INFORMATION SUPPLIED:
Start of Block
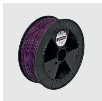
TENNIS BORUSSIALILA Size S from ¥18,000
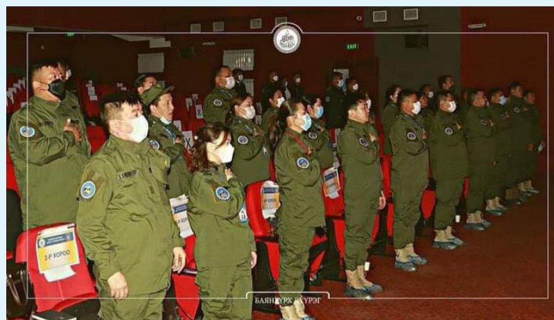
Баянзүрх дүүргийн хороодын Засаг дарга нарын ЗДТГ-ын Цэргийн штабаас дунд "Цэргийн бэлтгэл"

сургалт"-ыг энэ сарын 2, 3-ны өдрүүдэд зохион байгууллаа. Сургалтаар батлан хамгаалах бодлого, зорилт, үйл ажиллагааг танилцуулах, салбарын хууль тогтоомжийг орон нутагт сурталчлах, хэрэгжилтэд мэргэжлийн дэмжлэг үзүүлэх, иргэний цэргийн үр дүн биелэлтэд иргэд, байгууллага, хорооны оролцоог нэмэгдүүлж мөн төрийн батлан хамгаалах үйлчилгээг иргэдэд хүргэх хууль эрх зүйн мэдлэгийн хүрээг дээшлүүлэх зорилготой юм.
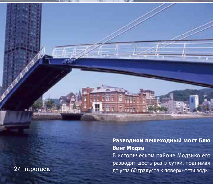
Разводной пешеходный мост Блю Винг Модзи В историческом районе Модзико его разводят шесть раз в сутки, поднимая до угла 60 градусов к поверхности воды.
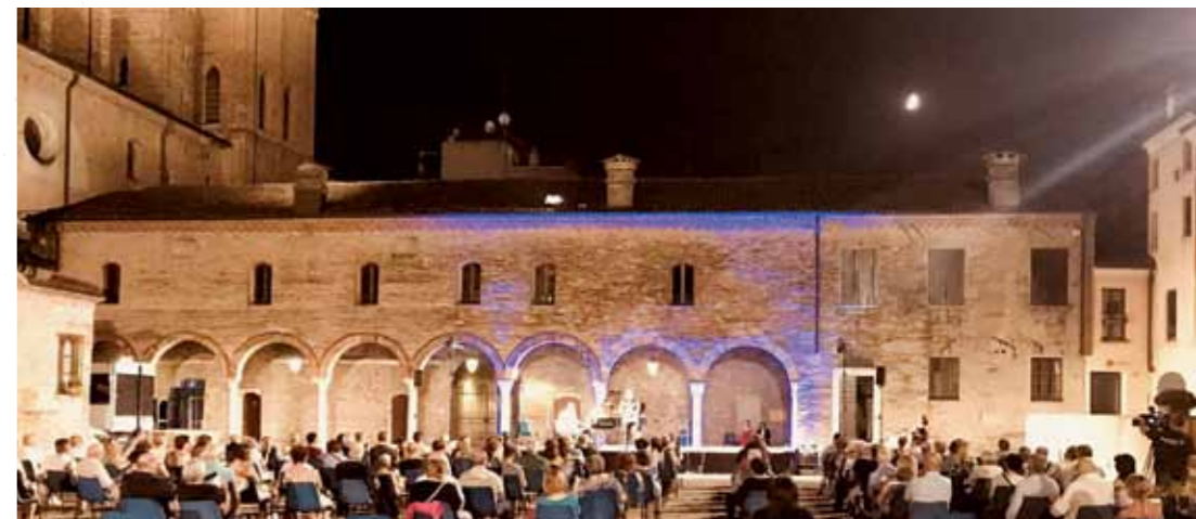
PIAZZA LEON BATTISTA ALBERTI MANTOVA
End of Block
Start of Block
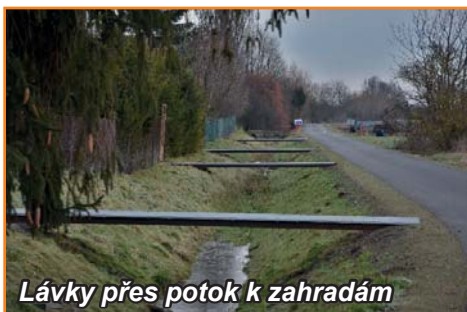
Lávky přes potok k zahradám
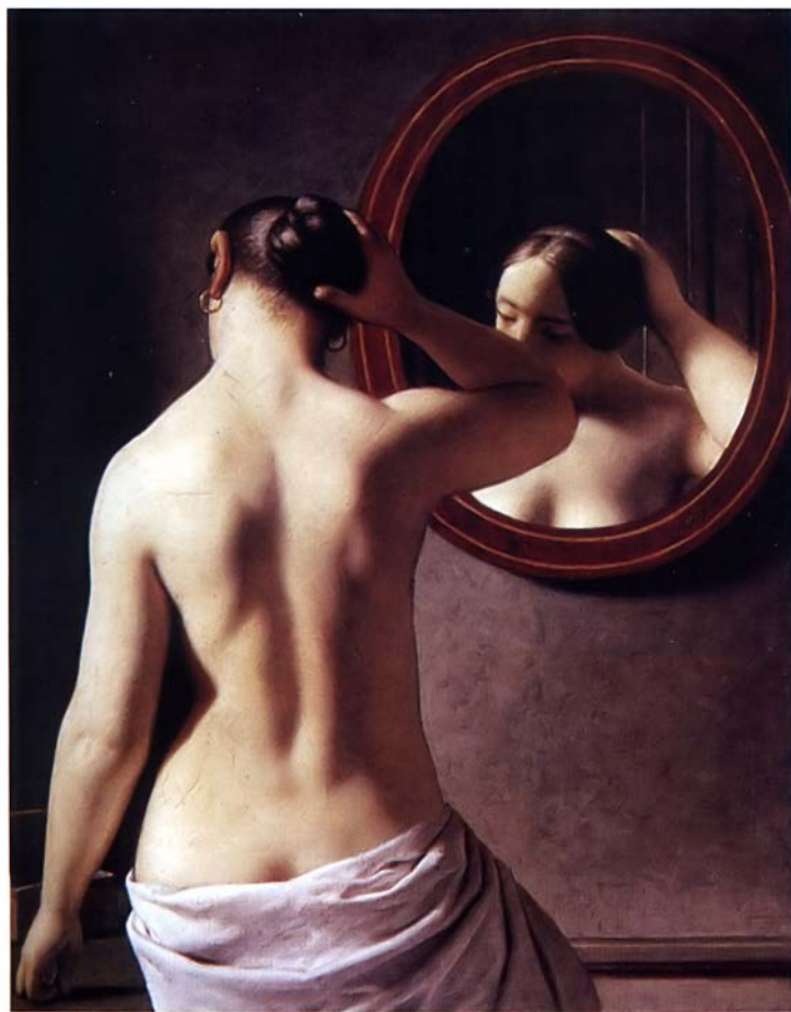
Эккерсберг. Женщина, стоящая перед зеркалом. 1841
End of Block
AIM OF THE TASK: In the material above, one part opens with the line containing "TENNIS BORUSSIALILA Size S from ¥18,000" and closes with the line containing "Разводной пешеходный мост". Write out that part exactly and skip its pictures.

EXERCISE OUTPUT:
TENNIS BORUSSIALILA Size S from ¥18,000
Баянзүрх дүүргийн хороодын Засаг дарга нарын ЗДТГ-ын Цэргийн штабаас дунд "Цэргийн бэлтгэл"

сургалт"-ыг энэ сарын 2, 3-ны өдрүүдэд зохион байгууллаа. Сургалтаар батлан хамгаалах бодлого, зорилт, үйл ажиллагааг танилцуулах, салбарын хууль тогтоомжийг орон нутагт сурталчлах, хэрэгжилтэд мэргэжлийн дэмжлэг үзүүлэх, иргэний цэргийн үр дүн биелэлтэд иргэд, байгууллага, хорооны оролцоог нэмэгдүүлж мөн төрийн батлан хамгаалах үйлчилгээг иргэдэд хүргэх хууль эрх зүйн мэдлэгийн хүрээг дээшлүүлэх зорилготой юм.
Разводной пешеходный мост Блю Винг Модзи В историческом районе Модзико его разводят шесть раз в сутки, поднимая до угла 60 градусов к поверхности воды.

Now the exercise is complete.